Easy vegan lentil-walnut bolognese with a perfect minced meat-alike texture and all the flavors you love in the traditional recipe.
For the bolognese:
- 3 Tablespoons olive oil
- 1 yellow onion, minced
- 3 garlic cloves, minced
- 2 sticks celery, chopped
- 2 small carrots, chopped
- 1/2 cup (40g) mushrooms, chopped
- 1/2 cup (65g) walnuts, crushed
- 1 Tablespoon dried oregano
- 1/2 cup (120 ml) red wine
- 1/2 cup (100g) uncooked beluga lentils* or puys
- 1 1/2 cup (ml) vegetable stock
- 6 cups (800g) canned crushed tomato
- Sea salt and fresh black pepper
- Pasta of your choice
- Ricotta cheese (or almond ricotta for vegan version)
- Freshly ground pepper
- Olive oil
- Fresh basil
- Heat olive oil in a heavy pot. Once hot, add onion, garlic, and sauté for a few minutes or until soft and translucent, stirring regularly.
- Meanwhile, pulse walnuts in a food processor until crushed.

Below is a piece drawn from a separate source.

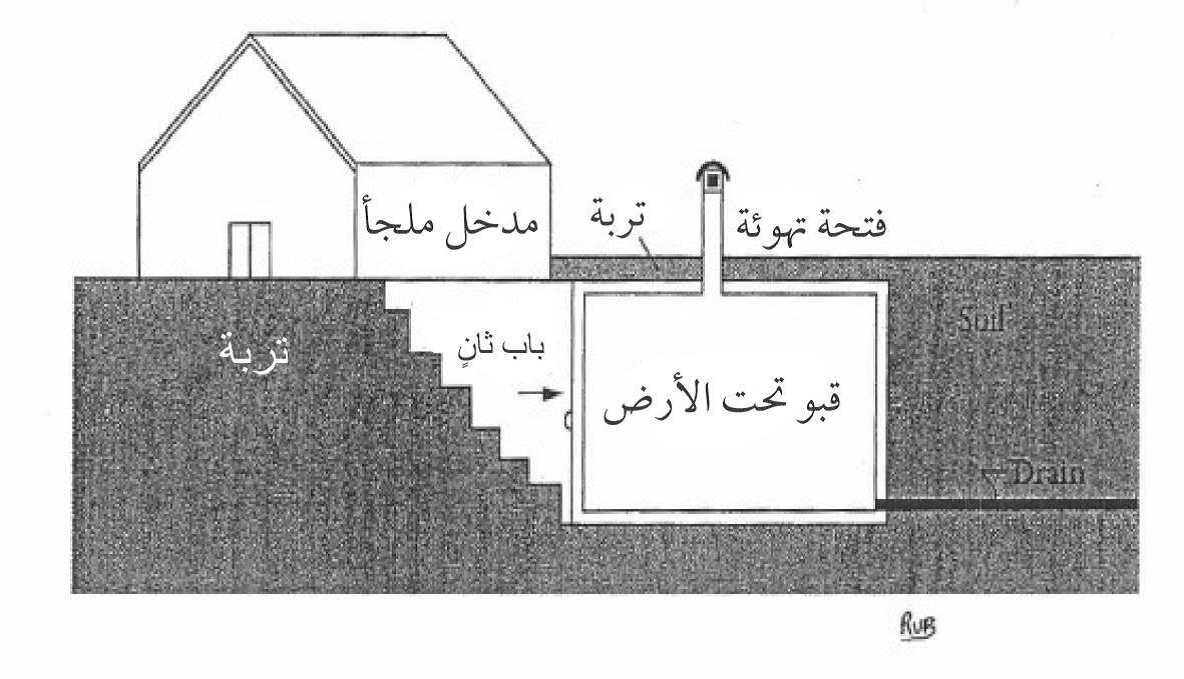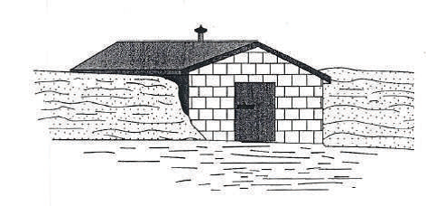 الشكل 2 تخطيط لقبو موجود جزئياً تحت الأرض مع الجدران الجانبية والخلفية المغطاة بالتربة. مع البناء الإسمنتي للسقف، يمكن تغطية القبو بالتربة، وجهة المدخل فقط معرضة بالكامل للهواء الطلق.

- Add other vegetables (chopped carrots, celery, mushrooms) to the pan, crushed walnuts, dried herbs and let soften for a few minutes.
- Pour the red wine and cook until the alcohol evaporates. Add lentils, half of the vegetable stock, crushed tomatoes, and season with salt and pepper. Bring to a boil, reduce the heat and let simmer for about 30 minutes, or until the lentils are cooked, stirring from time to time as not to burn the base of the sauce. Add the remaining stock or water, little by little, to loosen the sauce whenever it is looking dry. Taste and adjust spices to your preference.
- Cook pasta of choice and serve with the bolognese, (vegan) ricotta cheese, fresh black pepper and a drizzle of oil.
* Beluga lentils are large, plump black lentils that are available in specialty gourmet stores. They have a delicate flavor and a slightly firmer texture than small, green French lentils (puys).